Стройотряд. Кутаиси. В общежитии три этажа занимают граждане на «химии», четвертый этаж наш. Сорок градусов в тени. Кроем асфальтом крыши бесконечных цехов. Комсомольское начальство проворовалось, и меню нерадостное: утром и вечером чай с хлебом, а в обед одна, но громадная котлета, слепленная из хлеба и вермишели с добавлением фарша непонятного происхождения; вермишелинки свисают с боков котлеты кокетливой бахромой. Однокурсник Дима Аваков, в обычный жизни полный самоуважения, опустошает тарелку молниеносно и, обращая полные мольбы глаза к Виталику Геращенко, бормочет: «Виталик, дай кусочек котлетки». Это повторяется изо дня вдень.

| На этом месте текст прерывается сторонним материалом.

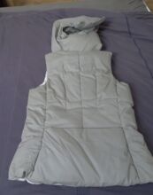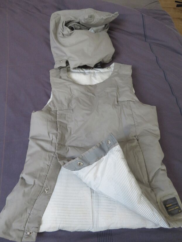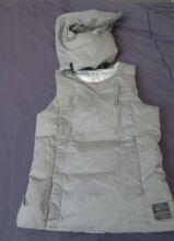 Toller Bodywarmer von DIESEL, reine Daune, ohne Federn, leicht und superwarm, ideal zum Ausreiten im Winter. Sie lässt sich vorne knöpfen und hat auch noch zusätzliche Taschen, auch zur Rückseite. Die Kapuze wird zur Innenseite durch Druckknöpfe befestigt - megawarm! Kann bei 30Grad in der Waschmaschine gewaschen werden. Ist als Gr. M etikettiert, habe sie mit einer Gr. S getragen, dann passt auch noch ein Wollpullover drunter. Guter getragener Zustand. Ca. Maße: Achsel zu Achsel: 46.5cm, Länge 61cm. Abholung oder Versand

Через неделю чистенькие студенты-филологи заросли грязью, засалили рубашечки и стали неотличимы от соседей-«химиков». Самые франтоватые, тот же Дима, заросли и засалились первыми. Теперь Дима крутой бизнесмен, вином торгует, а Виталик давно в могиле.


Еще стройотряд. Лето семьдесят шестого. Монастырщина, Смоленской области. Главная местная достопримечательность — дорога, по которой отступала погибающая наполеоновская армия. По российским меркам отсюда недалеко зарыт Денис Шульц. Но даже о существовании Дениса я еще не подозреваю.

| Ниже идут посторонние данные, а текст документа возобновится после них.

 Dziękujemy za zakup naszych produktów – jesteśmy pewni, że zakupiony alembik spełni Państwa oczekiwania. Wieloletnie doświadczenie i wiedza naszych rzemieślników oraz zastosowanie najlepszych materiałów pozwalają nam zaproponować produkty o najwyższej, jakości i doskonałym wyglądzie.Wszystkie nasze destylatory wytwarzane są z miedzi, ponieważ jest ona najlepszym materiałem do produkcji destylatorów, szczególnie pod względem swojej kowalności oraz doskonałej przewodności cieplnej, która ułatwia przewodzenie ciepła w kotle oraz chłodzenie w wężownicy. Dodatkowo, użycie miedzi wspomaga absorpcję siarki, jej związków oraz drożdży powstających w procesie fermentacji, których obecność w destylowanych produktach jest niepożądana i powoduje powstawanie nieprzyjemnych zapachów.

С нами работает чубатый шофер Аркаша. Накануне нашего приезда пьяный Аркаша задавил велосипедиста, тоже пьяного. «Я ему труп сделал», — сообщил он нам при знакомстве. Его ждали суд и лет пять отсидки. Но пока Аркашу выпустили под подписку, и местное начальство, за дефицитом шоферов, назначило его возить к нашей бетономешалке песок из лесного карьера. И вот как он ездил. Капризничал: «Один не поеду», — и кто-то из нас неизменно составлял ему компанию. Аркаша заводил мотор, извлекал из-под сиденья бутылку «Стрелецкой», наливал полстакана себе, полстакана попутчику: «Пей, или не поеду». В карьере, перед обратной дорогой, процедура повторялась. За день он делал пять рейсов, соответственно опорожнялось пять бутылок. Мы менялись, он покидал кабину только по нужде. Не закусывал. Как-то я заикнулся, что без закуски не пью, и он открыл бардачок, где было несколько высохших килек изумрудного цвета. Когда через два месяца мы уезжали восвояси, следствие еще продолжалось. И зеленые кильки по-прежнему лежали в бардачке.

Родом Аркаша был из деревни Вербятьсво. Там я поселил Поликашку Солдатова.


Посреди проспекта Руставели в скоротечной драке нарываюсь на кулак, падаю и врезаюсь затылком в стену. Обширная амнезия. И все, и нет меня. Сутки существовал вне этого мира, и хуже мне от этого не стало.


Смерть деда Володи. Я поддерживал потеющий последним потом затылок, смотрел в глаза, которые стекленели — и это не образ, именно так, оказывается, и происходит, — видел, как искажает агония линию рта.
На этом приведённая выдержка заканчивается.